Clinical Update
Tafenoquine Approved for Malaria Prophylaxis and Treatment
The US Food and Drug Administration (FDA) has approved the drug tafenoquine for 2 indications:
- Prophylaxis of malaria (Arakoda)
- Radical cure1 of Plasmodium vivax malaria (Krintafel)
Tafenoquine is an 8-aminoquinoline antimalarial drug related to primaquine. As with primaquine, tafenoquine can cause severe hemolytic anemia in people with G6PD deficiency. Those with partial deficiency that may be missed by qualitative testing may also be at risk for hemolysis. Therefore, physicians must perform quantitative G6PD testing before prescribing tafenoquine.
Tafenoquine use in individuals with G6PD deficiency or unknown G6PD status is contraindicated.
The long terminal half-life of tafenoquine (approximately 16 days) offers potential advantages of less frequent dosing for prophylaxis and a single-dose course for treatment.
Prophylaxis of Malaria
FDA approved the use of Arakoda (100 mg tafenoquine per tablet) for prophylaxis of malaria in patients ≥18 years of age. It can be used as prophylaxis against all Plasmodium spp. and in any malarious areas. Arakoda is manufactured by 60 Degrees Pharmaceuticals, Washington, DC.
Recommended dosing of Arakoda:
- 200 mg (2 tablets) daily for 3 days before travel
- 200 mg (2 tablets) once weekly during travel (starting 1 week after the last pretravel dose)
- 200 mg (2 tablets) once after travel (starting 1 week after the last travel dose)
Arakoda should not be used in:
- People with G6PD deficiency or unknown G6PD status.
- Pregnant women.
- Women breastfeeding an infant with G6PD deficiency or unknown G6PD status.
- People with a history of psychotic disorder or current psychotic symptoms (hallucinations, delusions, or grossly disorganized behavior).
- People with known hypersensitivity to tafenoquine, other 8-aminoquinolines, or any component of Arakoda.
In clinical trials, the most common adverse events were headache, back pain, dizziness, nausea, and diarrhea. See the full prescribing information for additional details.
Radical Cure of P. vivax Malaria
FDA approved the use of Krintafel (150 mg tafenoquine per tablet) for radical cure of P. vivax in patients ≥16 years. If used, Krintafel should only be used in patients who are receiving chloroquine against acute P. vivax infection; it cannot be used with other antimalarials. Krintafel is manufactured by GlaxoSmithKline, Research Triangle Park, NC.
Recommended dosing of Krintafel:
- 300 mg (2 tablets), single dose, ideally overlapping with therapy for acute P. vivax infection.
Krintafel should not be used in:
- People with G6PD deficiency or unknown G6PD status.
- Pregnant women.
- Women breastfeeding an infant with G6PD deficiency or unknown G6PD status.
- People with known hypersensitivity to tafenoquine, other 8-aminoquinolines, or any component of Krintafel.

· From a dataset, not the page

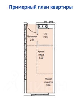 Площадь: общая ~ 19.3 м², жилая ~ 9 м², кухня-ниша ~ 5 м².
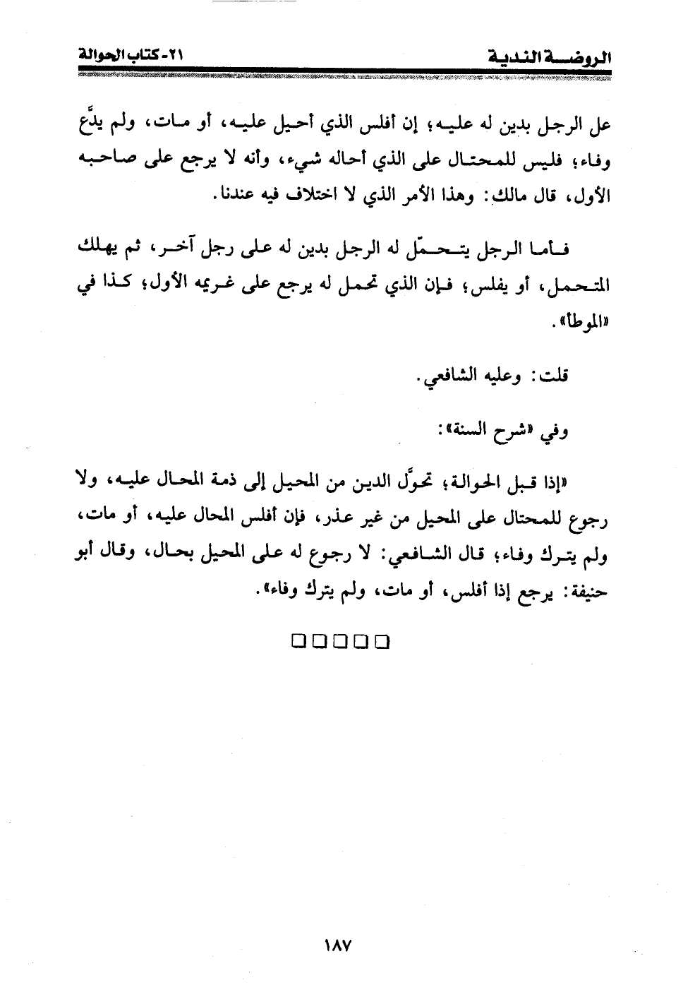 " إذا قبل الحوالة؛ تحول الدين من المحيل إلى ذمة المحال عليه، ولا رجوع للمحتال على المحيل من غير عذر، فإن أفلس المحال عليه، أو مات، ولم يترك وفاء؛ قال الشافعي: لا رجوع له على المحيل بحال، وقال أبو حنيفة: يرجع إذا أفلس، أو مات، ولم يترك وفاء ".

In clinical trials, the most common adverse events in patients receiving Krintafel plus chloroquine were dizziness, nausea, vomiting, decreased hemoglobin, and headache. Those with a history of psychiatric illness may be at higher risk for psychiatric adverse events.
See the full prescribing information for additional details.
Additional Information
- Tafenoquine Receives Regulatory Approval in USA for Prophylaxis of Malaria and Radical Cure of Plasmodium vivax
- CDC malaria website
- Malaria (in the CDC Yellow Book)
1Also referred to as antirelapse therapy, radical cure eliminates dormant P. vivax and P. ovale liver-stage parasites (hypnozoites).